Like many of his previous films, Christopher Nolan’s “Oppenheimer” is so caught up in its own excess that it forgets to sufficiently explore the humanity of the titular nuclear physicist. Parts of his life outside of his involvement with constructing the atom bomb, such as his leftist political leanings and his fraught romantic relationships, are briefly touched upon, but his interior self seems distant, locked away behind the steely indecipherable gaze of lead actor Cillian Murphy. Yet in willfully throwing aside Oppenheimer’s complexity, the film becomes something else entirely. The film is less a character study and more a morality tale: a bleak, uncompromising look into the dehumanizing effects of the collision between scientific progress and political ambition. It’s a thriller, but one in which the cathartic outburst of violence — the result of all that pent up suspense — is eerily silent.

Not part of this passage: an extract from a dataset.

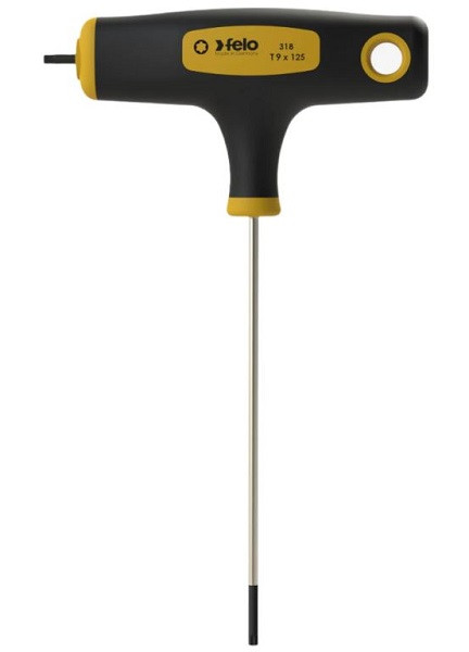 Felo 31809360 Doppel-Torx-T-Griff, T9 x 125 mm Langes Ende für präzises Eindrehen schwer zugänglicher Schrauben. Das Griffende verfügt über einen kurzen Schraubendreher für hohe Drehmomente. Aufhängeöse für einfache Aufbewahrung. Ergonomischer 2-Komponenten-Griff mit Softgrip-Beschichtung reduziert Druckstellen. Harter Kunststoffkern für Langlebigkeit, auch bei höchsten Drehmomenten. Matte Chrombeschichtung mit schwarzen Spitzen. Griffbreite: 100 mm. Klingenlänge: 125 mm. Oberfläche: Satinierte Chromoberfläche Griffmaterial: Mehrkomponentenmaterial Einzelperson / Set: Einzelperson Werkzeugspitzen-Stil: Torx Spitzengröße: Torx T9

Adapted from “American Prometheus,” Kai Bird and Martin J. Sherman’s Pulitzer Prize-winning biography, Nolan’s film follows Oppenheimer’s career as a scientist, his political history and how the two affected his personal life, doing so by presenting his life in fractured form, frequently jumping back and forth through time.
Color film stock represents Oppenheimer’s own perspective. Played rather pensively by Murphy, Oppenheimer perhaps sees the world through rose tinted glasses. A Jewish leftist, he frequently makes moral justifications for his work, claiming that if the United States doesn’t build the bomb then Nazi Germany would almost certainly beat them to the punch. Yet when Germany surrenders in May 1945, he is surprised to learn that work on the bomb will continue, irreparably shaking his idealistic worldview to the core. Now he’s locked in with no way out, and he becomes withdrawn and reflective, realizing too late his own complicity in perpetuating the injustice he sought to destroy and his powerlessness in stopping it. Black and white, on the other hand, signals the perspective of Lewis Strauss (Robert Downey Jr.), Oppenheimer’s rival and a member of the Atomic Energy Commission founded shortly after the war’s end. Strauss, fueled by a personal grudge against Oppenheimer, sees the gray areas that his rival can’t. He accepts that the state of the world post-atomic bomb is far too complex to be fixed by idealistic solutions and instead chooses power and material gain. The interaction between the color and black-and-white sections of the film creates a push and pull effect that drives the narrative forward that is only intensified by the deft editing. For a three-hour movie, mostly consisting of dialogue heavy scenes of historical figures waxing philosophical in boardroom settings, it’s surprisingly kinetic. Nolan’s blockbuster chops are on full display, and the tension in knowing exactly how destructive Oppenheimer’s invention proves to be elevates the movie from stuffy drama to a suspense picture Hitchcock would envy.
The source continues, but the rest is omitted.